Regular readers will know that I am being ably assisted by a group of lovely ladies who are writing about their experiences of the period 1946-1969. This month’s topic is schooling and as I can’t expect them to do something that I wouldn’t do myself, I have been waxing lyrical about ‘the best days of my life’. This has been made easier by membership of Facebook groups for my cohorts at both primary and secondary school. One of my lasting primary school memories was of being chosen to read part of the commentary for a film that we were making about our school and its surroundings. My portion was about the local lollipop man and the resulting 35mm film was being sent to a school in New Zealand. Wouldn’t it be great, I thought, to trace the film fifty one years later. None of my contemporaries recalled this at all and I began to think I had imagined it. In any case New Zealand has many school and I had no idea which one.
Then, as part of my writing, I raided the souvenirs’ box.

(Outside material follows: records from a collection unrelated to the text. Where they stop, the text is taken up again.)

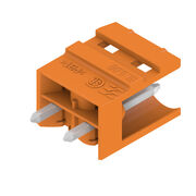 Connettore per circuito stampato, Connettore maschio, aperto lateralmente, Collegamento a saldare THT, 5.00 mm, Numero di poli: 2, 180°, Lunghezza spina a saldare (l): 3.2 mm, stagnato, arancione, Box
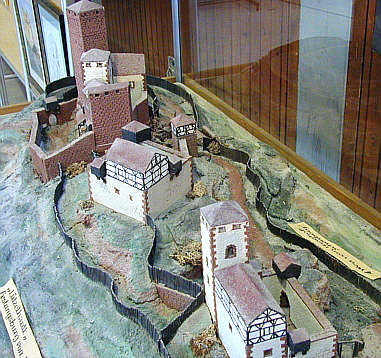 Ansicht der Anlage von Norden Ganerbenburg aus drei Abschnitten, von denen der hintere (südlichste) am stärksten befestigt ist.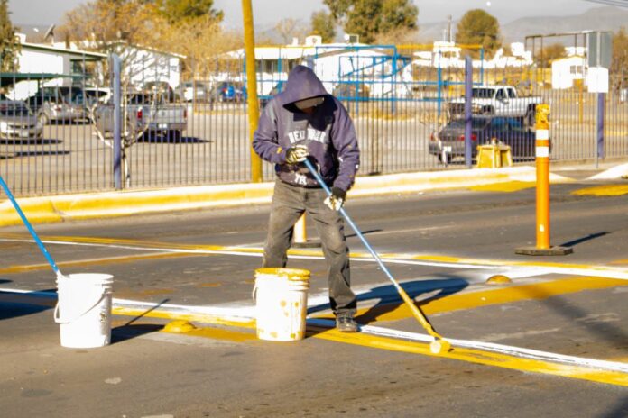 Con el objetivo de mantener la seguridad vial, asi como mejorar la imagen urbana, la Dirección de Seguridad Publica de Meoqui, trabaja en el pintado vialidades, donde hasta el momento, se ha trabajado en un total de 38 pasos peatonales y 42 topes en distintas zonas del municipio, reflejando el compromiso con la seguridad vial y el orden urbano.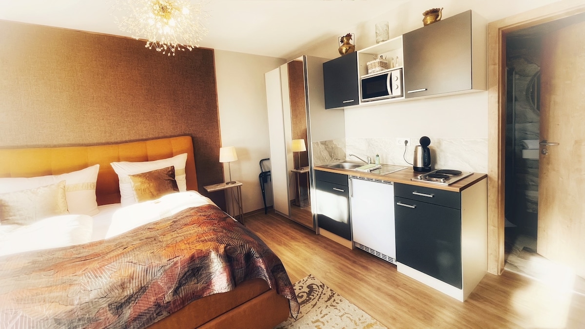 If you really want to switch off, need new spirit and are satisfied with minimalist furnishings, but appreciate the luxury of freedom, evening sunsets from your terrace, birdsong in the morning and the mooing of happy cows, you've come to the right place. You can prepare your meals in the tiny house yourself or order an organic breakfast basket for a healthy start to the day. There is a compost toilet and an outdoor shower is planned.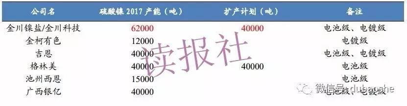 部分企業(yè)硫酸鎳產(chǎn)能規(guī)劃
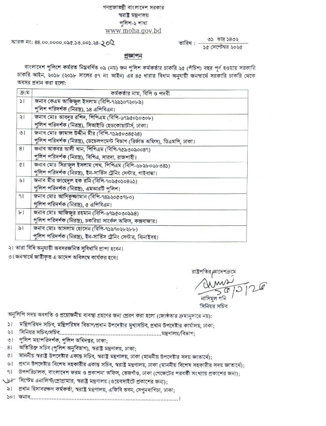 চাকরির বয়স ২৫ বছর পূর্ণ হওয়ায় বাংলাদেশ পুলিশের ৯ জন কর্মকর্তাকে বাধ্যতামূলক অবসরে পাঠিয়েছে সরকার।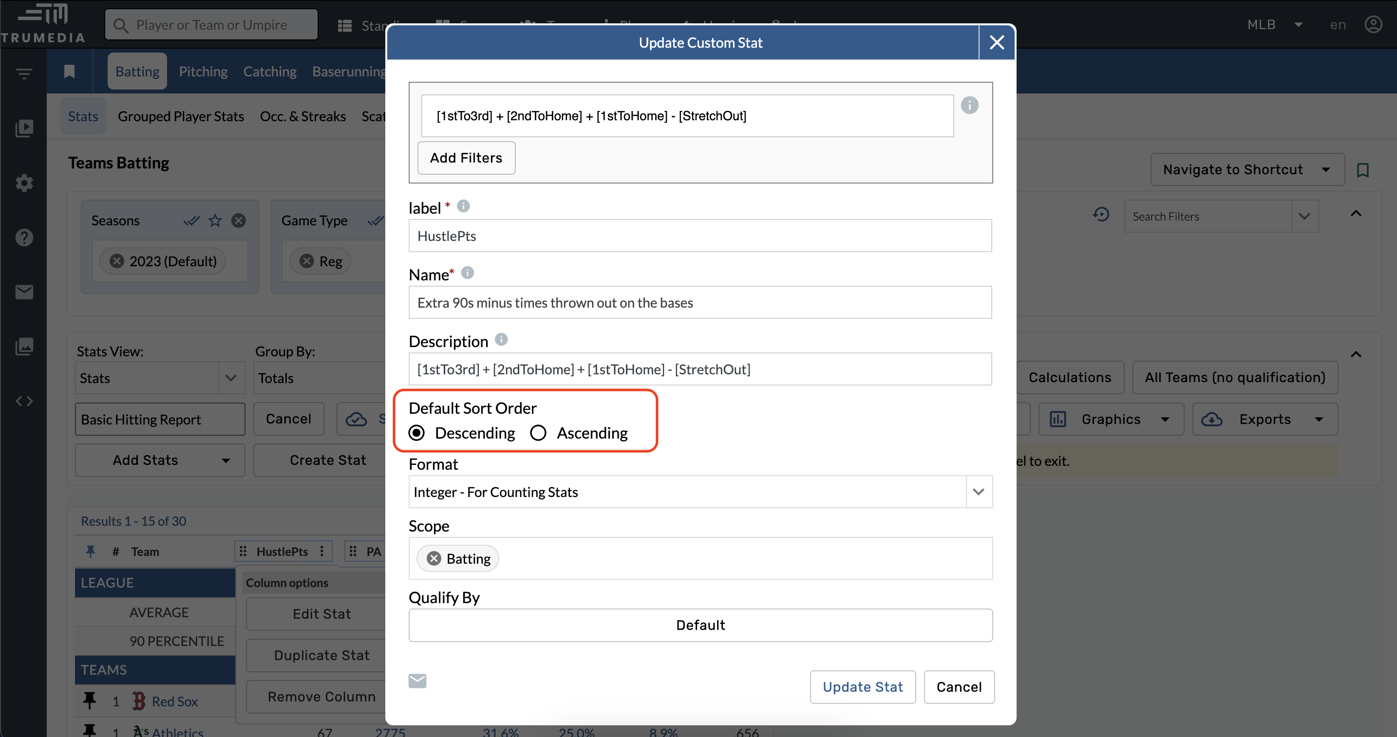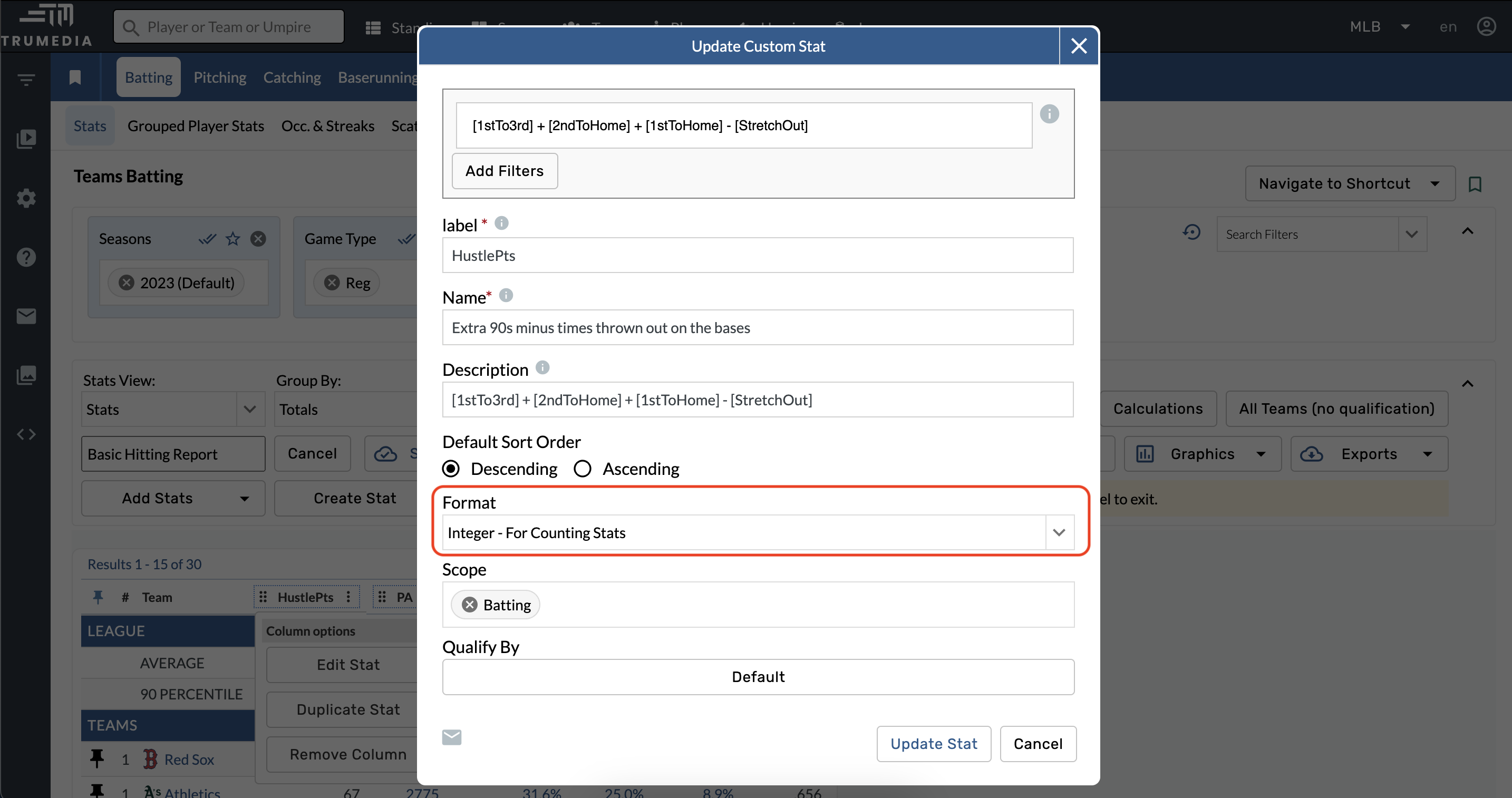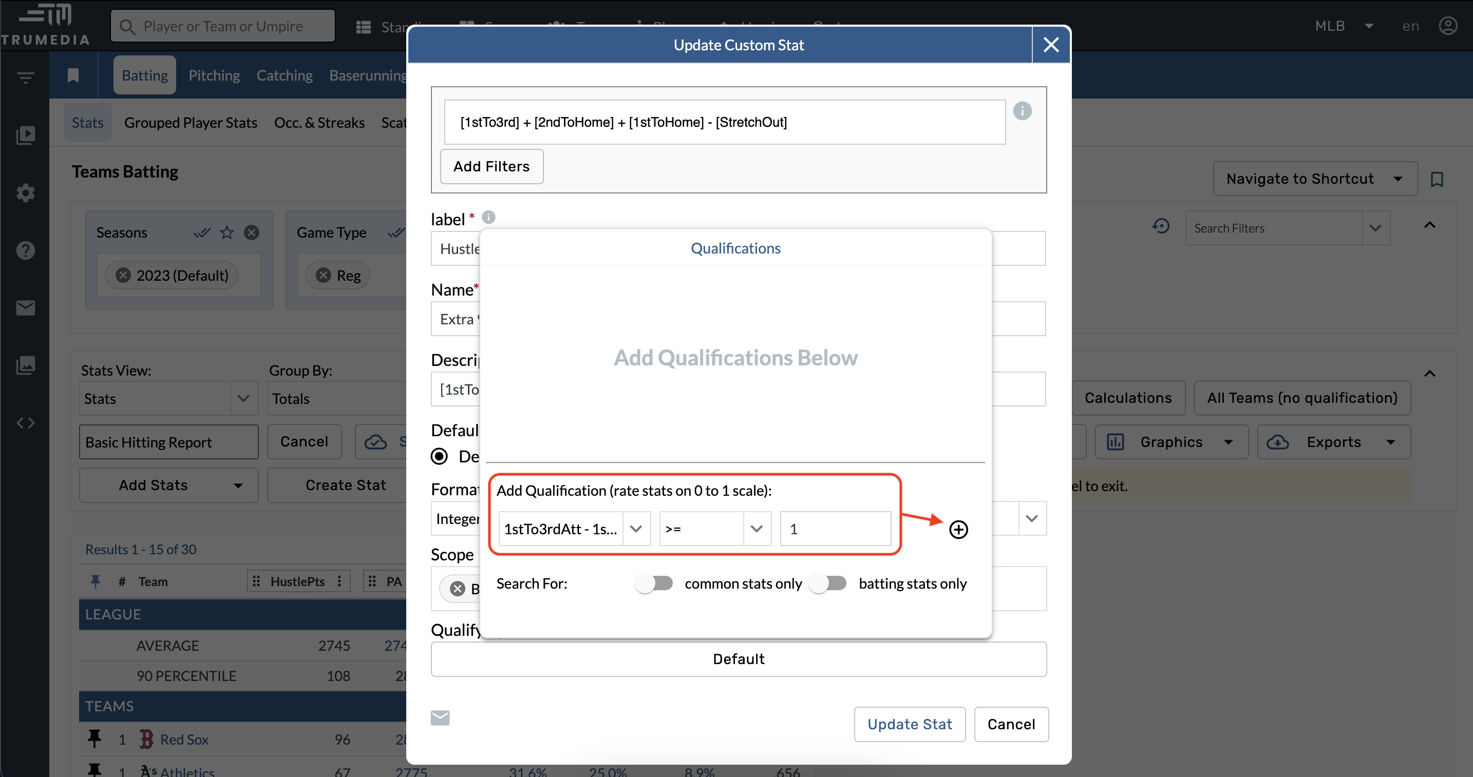 Este ejemplo de estadística de abajo está configurado para calificar a cualquier jugador que tenga una o más oportunidades de ir de primera a tercera en un sencillo.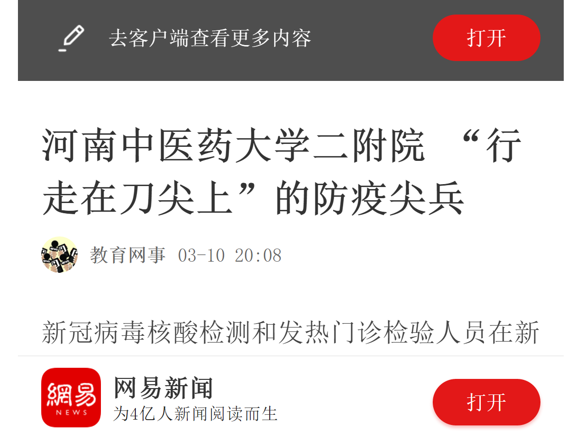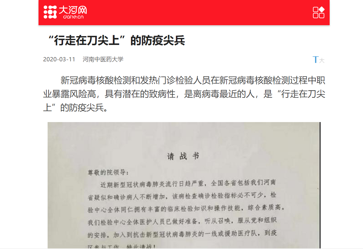 编者按:2020年3月10日,大河网、网易新闻对leyu·乐鱼(中国)体育官方网站新冠病毒核酸检测和发热门诊检验人员的抗疫事迹进行报道。现将大河网全文刊发如下:
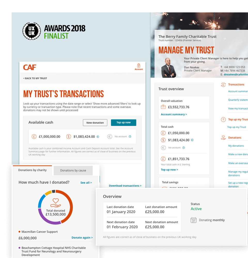 Redesign provided expert guidance to individual donors, helping optimise their giving plans across the UK and internationally. This led to a 26% increase in donations to charities in 2021/22.Finalist at the UX UK Awards 2018 in the categories of Best User Experience and Best Impact on Business Goals.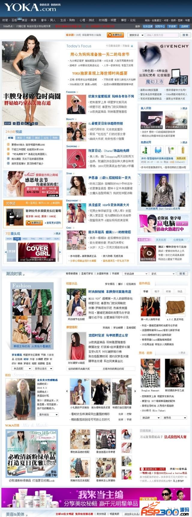 本仿YOKA时尚网仿全了YOKA11个频道: 时装配饰、美容、瘦身、奢华、男人、生活、购物、心理、明星、图库、时尚,涵盖了现代人关注的时尚话题。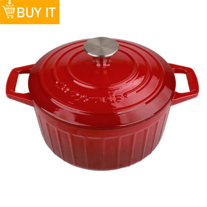 Excellent Material Dutch Oven is made of aluminum alloy,It's covered with a heavy-duty enamel to resist chipping,while the interior is engineered to ward off dulling and staining.and requires no pre-seasoning.Great for healthy cooking without safety worries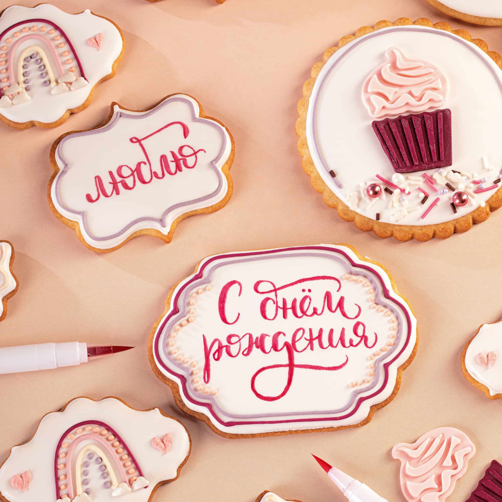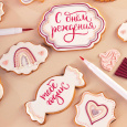 Сверху каждого пряника нанесены надписи "С днем рождения" и "Тебе годик" при помощи пищевых фломастеров Top Decor. Эти надписи добавляют праздничности и позволяют выразить поздравления малышу в особенный день его рождения.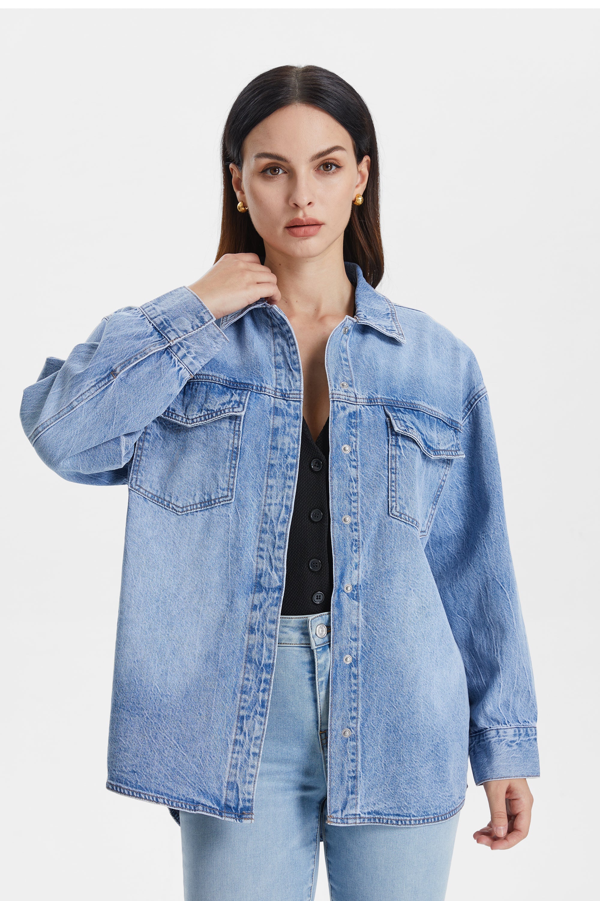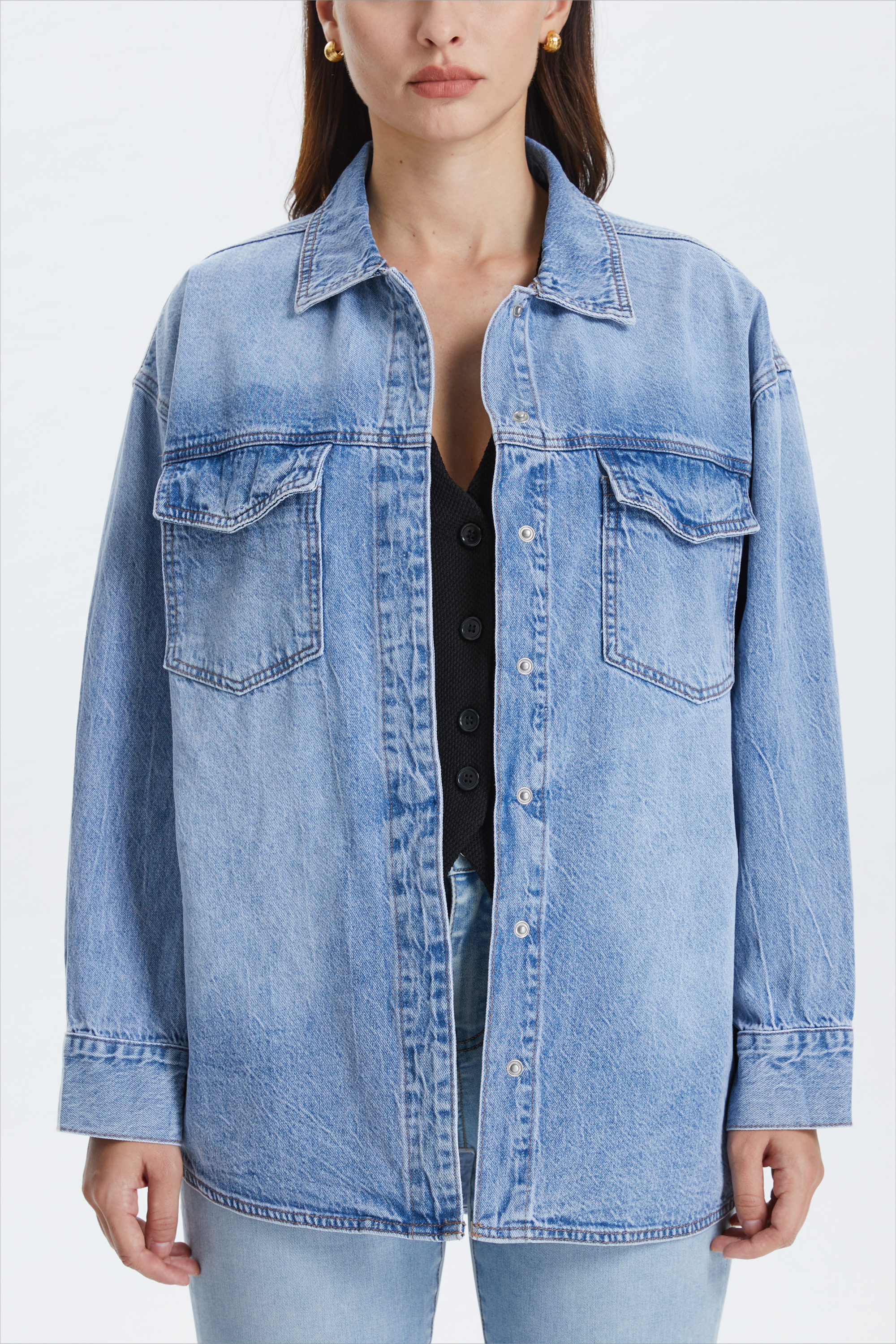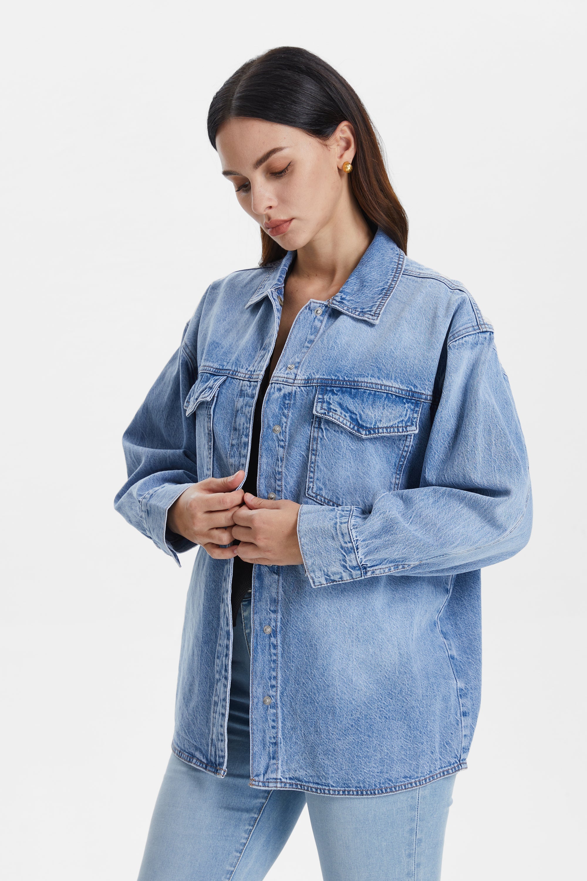 Oversized Denim Shirt Jacket with Faded Wash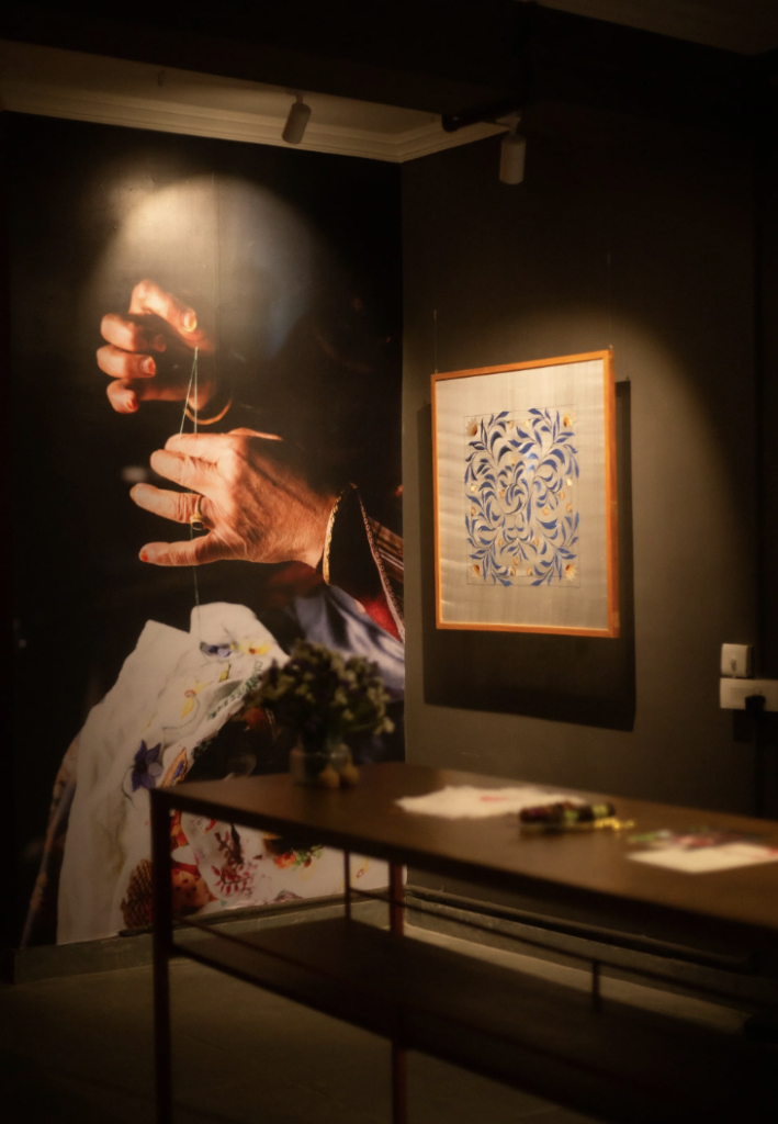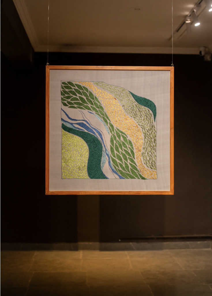 At its core, the exhibition draws from the ecological and cultural landscape of Chamba, where terraced fields shape both geography and daily life. This sensibility translates seamlessly into the rumals on display. The square textile becomes a field: stretched, worked upon, and slowly transformed through the repetitive, almost meditative act of embroidery.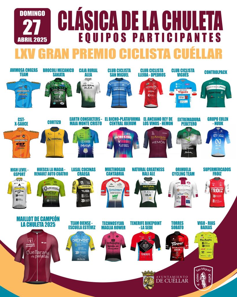 El domingo se disputa el LXV Gran Premio Ciclista de Cuéllar ‘Clásica la Chuleta’, una prueba de un gran prestigio nacional, apta para velocistas que tiene un recorrido de 159,5 kilómetros dando cinco vueltas a un circuito de 31,9, cuya dificultad más importante es el paso por Cuéllar con una subida de 3 kilómetros al 3% en donde estará situada la meta al final de la última de las vueltas. El resto del circuito es totalmente llano y se prevé un sprint masivo en meta. El peligro puede ser el viento. Si hace aparición condicionará la carrera rompiendo y seleccionando el pelotón, dejando posiblemente en cabeza a un selecto grupo de corredores que se disputarán la carrera en meta. La participación será de siete ciclistas por equipo.

Something that I had retained was a letter to parents from the headmaster, written three years after the film was made. Amongst other things, it referred to Mr Head who had taught at my school for a year in 1961 before returning to New Zealand. Now I at least had a teacher’s name. It also mentioned that Mr Head was then in the Pacific Island of Niue. Googling ‘Mr Head teacher New Zealand’ and the like is not awfully successful as up come all the head teachers in the world, or at least in New Zealand. Niue however is a different matter and it turned out that Mr Head was not only a teacher but an active campaigner against landmines and had been awarded for his work. Wikipedia even provided me with a list of schools at which he’d served, of which there were a great many. Unfortunately no dates were mentioned and I needed to know where he was in 1963. None of the schools’ websites had a ‘past staff’ section or indeed any kind of ‘history of the school’ page. I was close but not close enough.
By this time I had identified some of Mr Head’s descendants on Facebook but I was unable to send them a message as they weren’t my friends. Next I sent out a plea to family historian friends in New Zealand. Amongst other information, one was able to use the New Zealand equivalent of ‘Friends Reunited’ and find that a profile had been created for the late Mr Head. This time I was able to identify the appropriate school. It just shows where the right contacts and a little detective work can get you. I would like to be able to say that a copy of the film is now on its way to me but things aren’t that good. I have used the school’s website to send a message asking if they have a reel of 35mm film lurking in the back of a cupboard. No response so far but maybe it will depend on whether on not the person who sees the message is history minded. Watch this space.
And on the subject of school I am now off to a school reunion. I am going via a talk about seventeenth century witchcraft (best not to enquire) at The Society of Genealogist. More of this later.